I have an 01 Maxima which I have had for two years. It has about 240k miles and I change the oil and filter every 3000 miles. The automatic transmission is starting to act up. From a dead stop sometimes it seems like it's slipping then it will shift hard right into second. Anyway, the transmission is the least of my worries. The car has a really bad case of rust. So here's my question. I have found an 02 Maxima SE 6 speed with a blown motor. Would it be possible to swap the 3.0 out of my current car and drop it into the 02?


----------



## smj999smj (Jan 1, 2006)

Well, "anything is possible." But unless you are into swapping out the ECM and wiring harness among other things, then you probably won't want to get involved in such a swap. The VQ35DE of the 2002 with it's variable valve timing is quite a bit different than the VQ30DE of the 2001 Maxima. It'll certainly fit and bolt up to the transmission, it's just not a "drop it in and go" direct replacement swap.


----------



## frank5079 (Oct 23, 2003)

smj999smj said:


> Well, "anything is possible." But unless you are into swapping out the ECM and wiring harness among other things, then you probably won't want to get involved in such a swap. The VQ35DE of the 2002 with it's variable valve timing is quite a bit different than the VQ30DE of the 2001 Maxima. It'll certainly fit and bolt up to the transmission, it's just not a "drop it in and go" direct replacement swap.

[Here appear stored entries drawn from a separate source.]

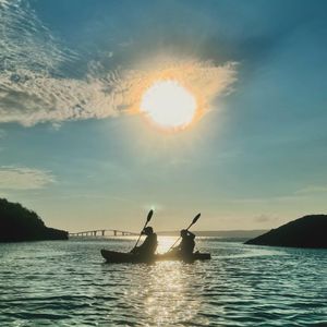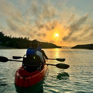 シーカヤックはボートに乗り、パドルを使って海上をゆっくり進みながら周りの景色を楽しむ、沖縄の人気アクティビティです。カヌーとカヤックの違いは使用パドルによって異なります。カヌーは「シングルブレードパドル」と呼ばれるブレード(水掻き)が片方だけについているパドルを利用します。逆にカヤックは「ダブルブレードパドル」と呼ばれるブレードが両方についているものを利用します。どちらも安定したボートを利用し、事前に陸で講習を行いますので初心者やお子様でも安心して参加していただけます。 沖縄の海はとても透明度が高く水面下には美しい世界が透けて見ることができます。海中観察には足元が透明になっているクリアカヤックがおすすめです。またマングローブの森を進むプランや、世界遺産に登録された「やんばるの森」を散策するプラン、青の洞窟を探索するプラン、そして夕日の中を進むサンセットプランやライトアップを楽しむナイトカヤックなど豊富なラインナップをご用意しております。ご家族で、ご友人と、お好きなプランをお選びください。ご予約はこちら!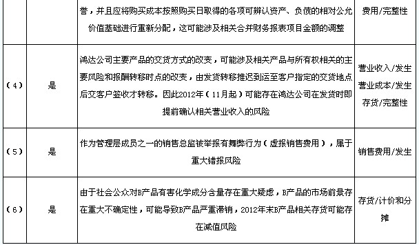 (2)根據以往年度審計結果,鴻達公司針對主要業務流程(包括銷售與收款、采購與付款以及生產與存貨)的內部控制是有效的,因此在2012年度審計中將繼續采用綜合性審計方案。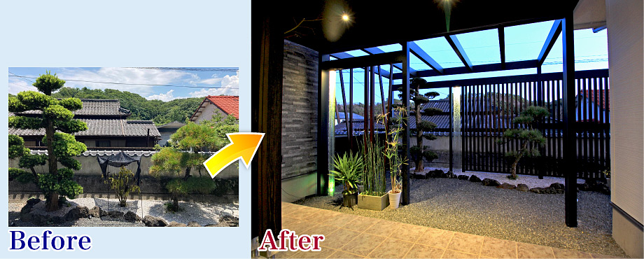 先代から受け継いだ古き良き時代の和のお庭に物足りなさを感じておられた施主様より、部屋からの景観を美しくしたいとご相談を頂きました。高級感溢れるお庭になるよう『軒』をイメージしたテラス空間を希望されたことから、天井材の屋根を用いることでリビングからの繋がりを意識しました。その先にフレームを伸ばすことでお庭に奥行感を演出し、スリット部材による2種類の目隠しでお部屋からの景観を美しく仕上げています。程好い日差しと日陰を感じられるプライベート空間。和の趣きを大切にした新しいお庭をとても気に入ってくださった施主様は、これまで締め切っていたカーテンを開け放ち、一日の大半を庭を眺めながら過ごしているのだとか。穏やかな日々に幸せを感じているそうです。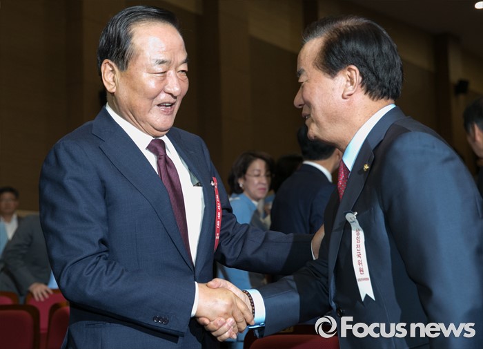 (서울=포커스뉴스) 2일 오후 서울 여의도 국회 의원회관에서 열린 새누리당 4차 전국위원회에 서청원(왼쪽) 전 최고위원과 정갑윤 신임 전국위의장이 악수하고 있다.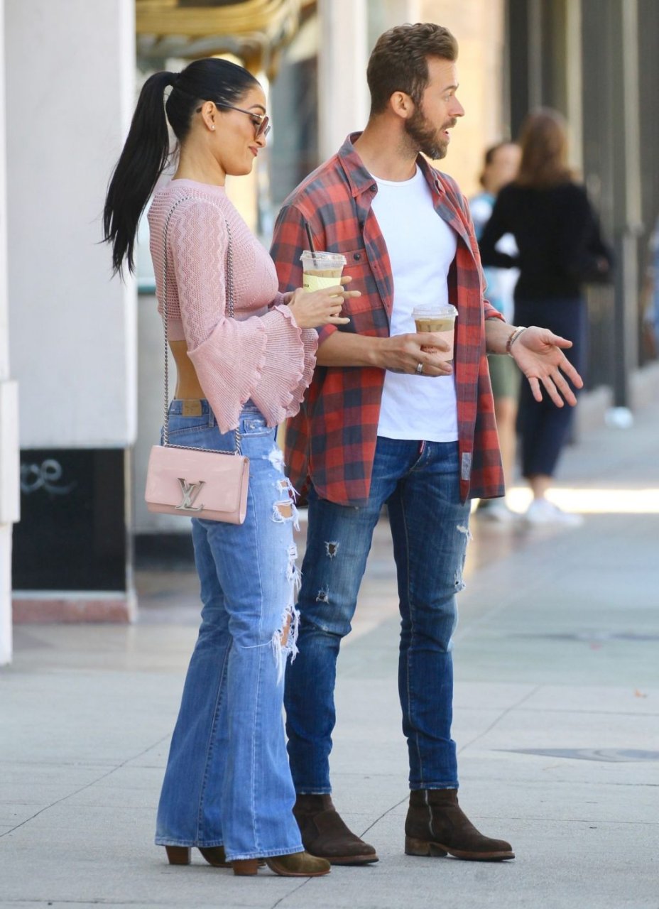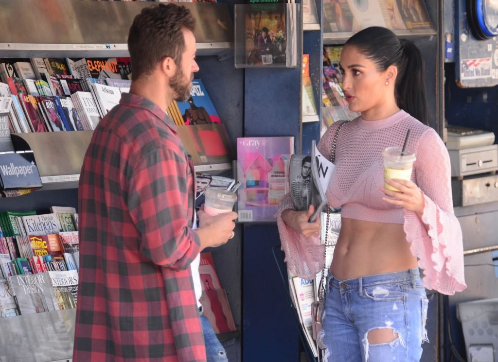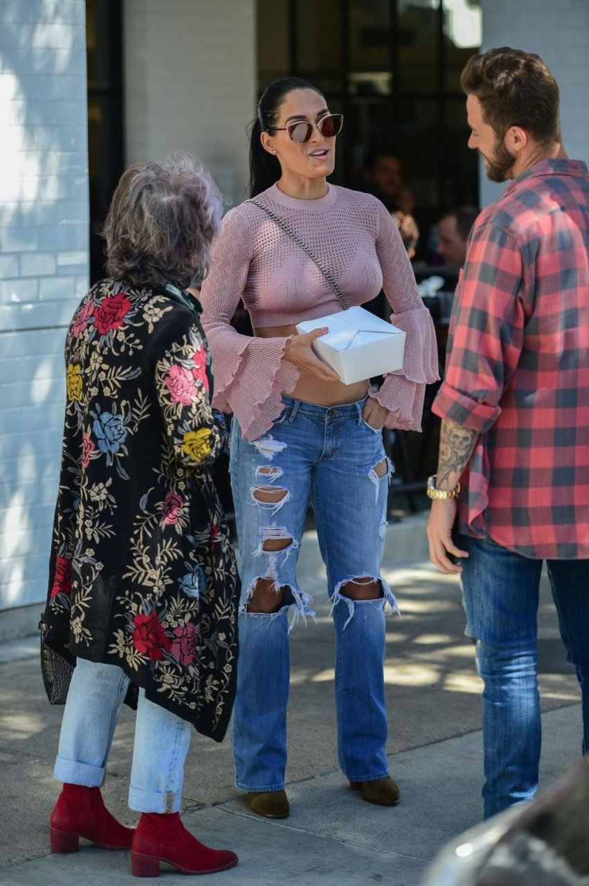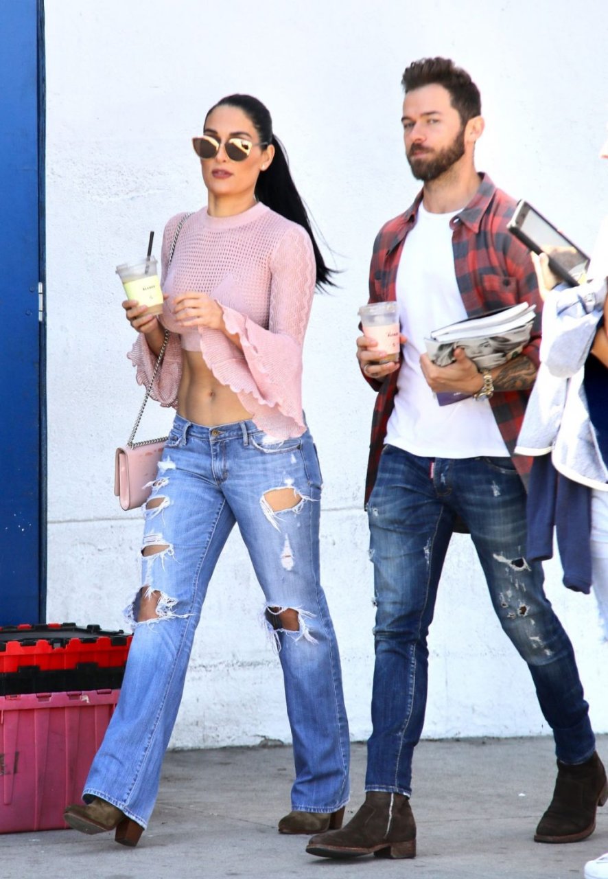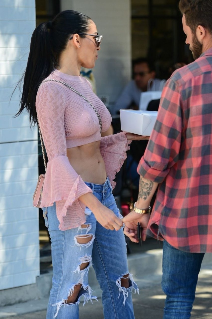 Nikki Bella sfoggia i suoi addominali scolpiti con un crop top rosa e jeans durante un pranzo con Artem Chigvintsev e alcuni familiari da Joan’s On Third a Studio City, 30/09/2019. Gli innamorati si scambiano un dolce bacio mentre aspettano la loro auto al parcheggio con servizio valet chiacchierando.

Well if money were no object, then sure.....but since I have a good running engine in search of a better body and transmission, I'm just trying to work with what I have....


----------



## smj999smj (Jan 1, 2006)

In that case, it's best to stick to 2000 and 2001 model years, but you can probably get it to drop into 95-99 models by swapping the intakes. Also, keep in mind there were some differences in California and Federal emission vehicles, so you may have to swap intakes even on 00-01 engine swaps.


----------



## angelsuicidalminds (Jun 16, 2021)

i need help i got a 2000 nissan maxima se manual n i got into an accidnet n bent the chassis n some other parts of the frame but my motor n trans are working perfect i just got a 02 nissan maxima cuz i wanted to do an eging n tranny swap i got the car for cheap cuz the owner said it wasnt working been sitting in his front yard for some time got a bit of rust on the rotors from the rain but wen i got the car home i tryed to start it n it turned on but has some isssues with it like it wants to turn on had to push the gas a bit so it can stay on but isee that the engin has newer parts like a better intank n other stuff i was wondering if i could swap some parts from the engine im new to this but i love to work on cars n this is the first time i got two of the same cars what should i do


----------



## smj999smj (Jan 1, 2006)

They were the same engine family, but there were a lot of differences, too. "Some parts" should swap, but you would really be better off getting the correct engine for the 2002 (which had the VQ35DE as opposed to the VQ30DE) unless you want to go through the headache of swapping and integrating the 2000's ECM and harness with engine to your 02 Maxima.


----------